## What to produce
Nothing but the lines from the start of the entries below through the line containing "Warnken polémico (entrevista)" should appear in the answer, copied exactly and free of pictures.

*** Source material ***

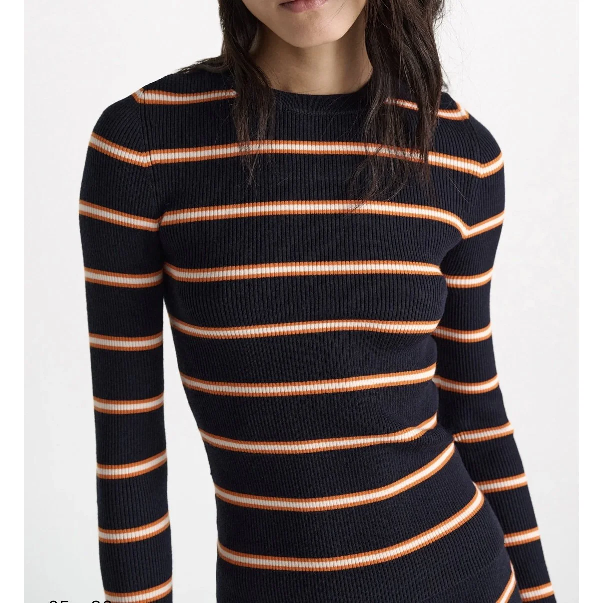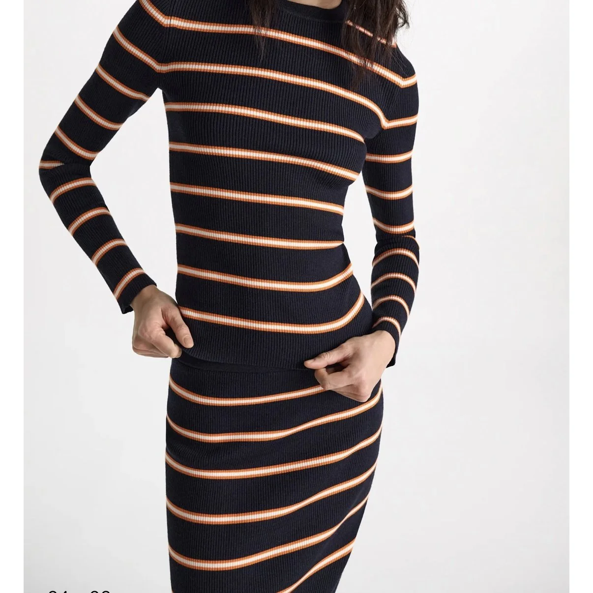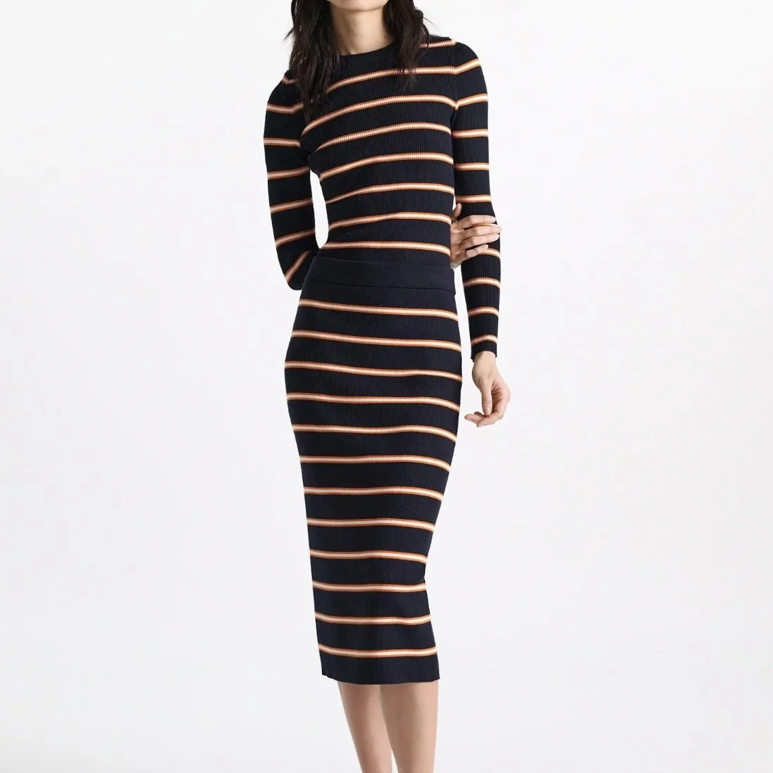 Der gestreifte Pullover hat einen Rundhalsausschnitt und ist aus einem dehnbaren Woll-Seiden-Mix gestrickt. Trage das gerippte Design als Set mit dem passenden Rock.
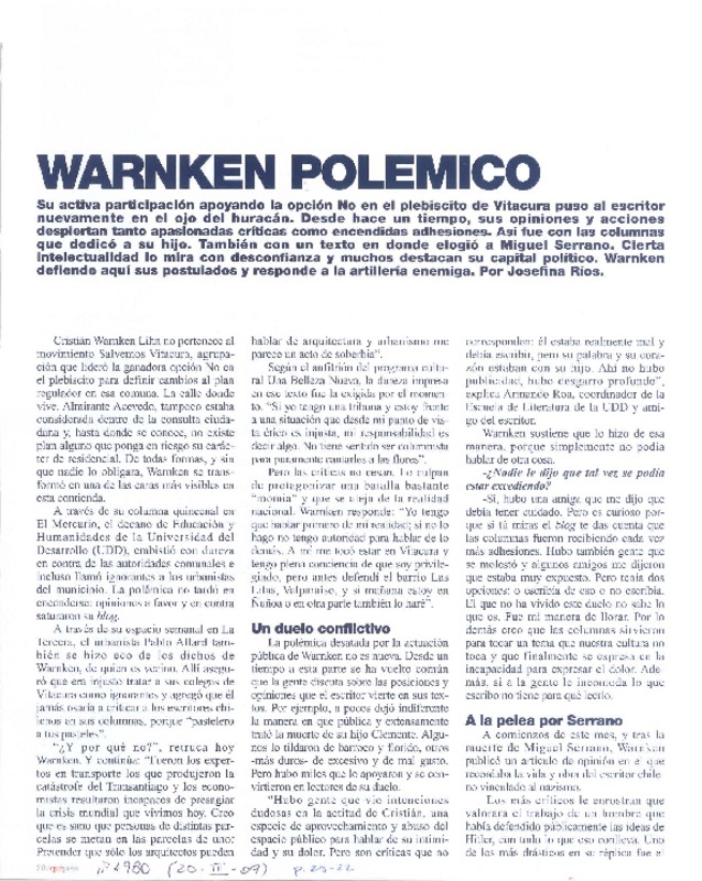 Warnken polémico (entrevista) [artículo] Josefina Ríos.
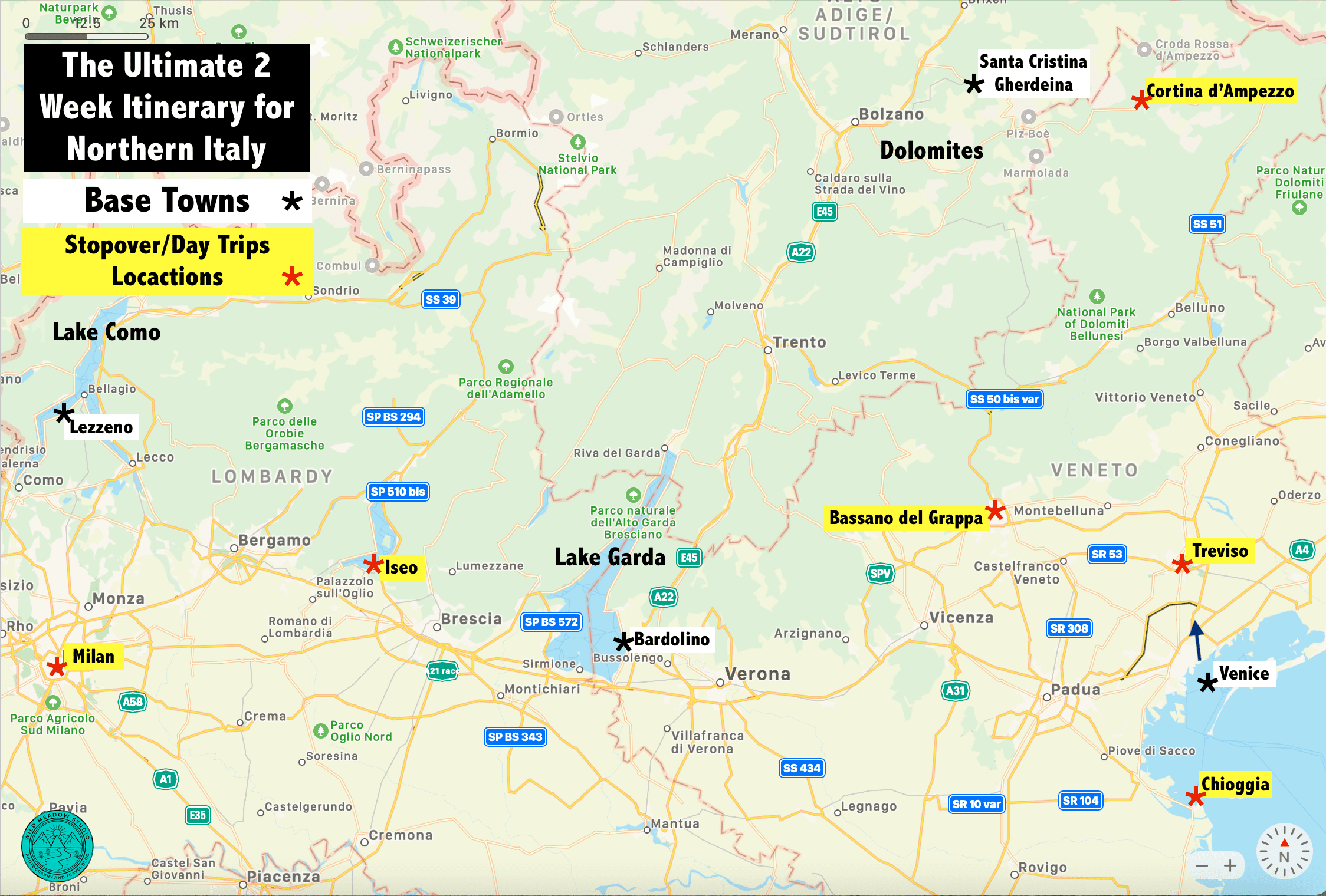This 16-night itinerary is planned to start and end in Venice, this journey takes you through the dramatic peaks of the Dolomites, the relaxed beauty of Lake Garda, the romance of Lake Como, the history of Milan, plus a couple stopover towns before returning to Venice for a slower city experience. A car is required for this trip, but we’ve planned this itinerary to minimize the driving distance for travel days, so they aren’t too long. The longest travel day is Lezzeno to the Venice Airport, which is approx. 3hrs and 45mins, which includes the small detour to Iseo, the rest are about 2 to 3 hours, so all very doable, especially with interesting places to stop and explore. For our Milan daytrip, we drove into Como and took the train into Milan, as we didn’t feel 100% comfortable driving in a big city with all the different parking restrictions, so this was an easy and less stress option. Also, we dropped off the rental car at the Venice airport before our stay in Venice, as we obviously didn’t need a car while there.
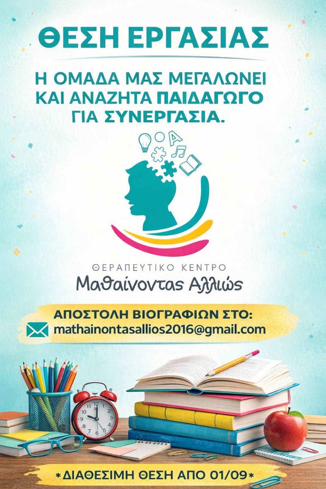 Το Θεραπευτικό Κέντρο «Μαθαίνοντας Αλλιώς» ανακοινώνει την έναρξη διαδικασίας για την πρόσληψη παιδαγωγού ή δασκάλας δημοτικού, στο πλαίσιο ενίσχυσης της ομάδας του.
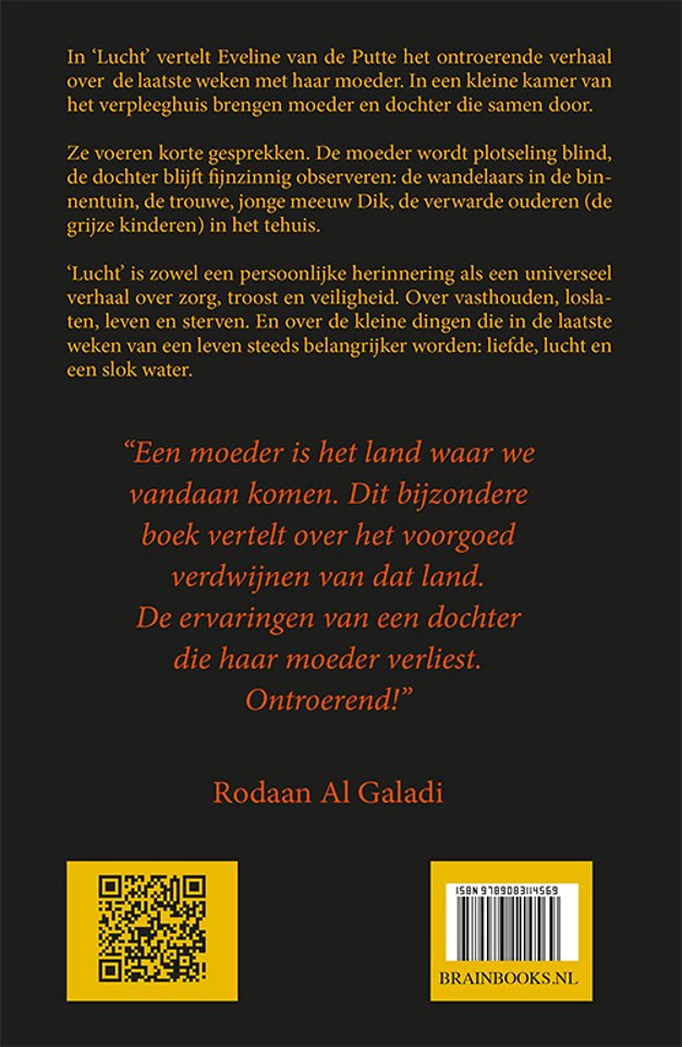 Lucht is zowel een persoonlijke herinnering als een universeel verhaal over zorg, troost en veiligheid. Over vasthouden, loslaten, leven en sterven. En over de kleine dingen die in de laatste weken van een leven steeds belangrijker worden: liefde, lucht en een slok water.

*** End of Source material ***

## Output for this task
 Der gestreifte Pullover hat einen Rundhalsausschnitt und ist aus einem dehnbaren Woll-Seiden-Mix gestrickt. Trage das gerippte Design als Set mit dem passenden Rock.
 Warnken polémico (entrevista) [artículo] Josefina Ríos.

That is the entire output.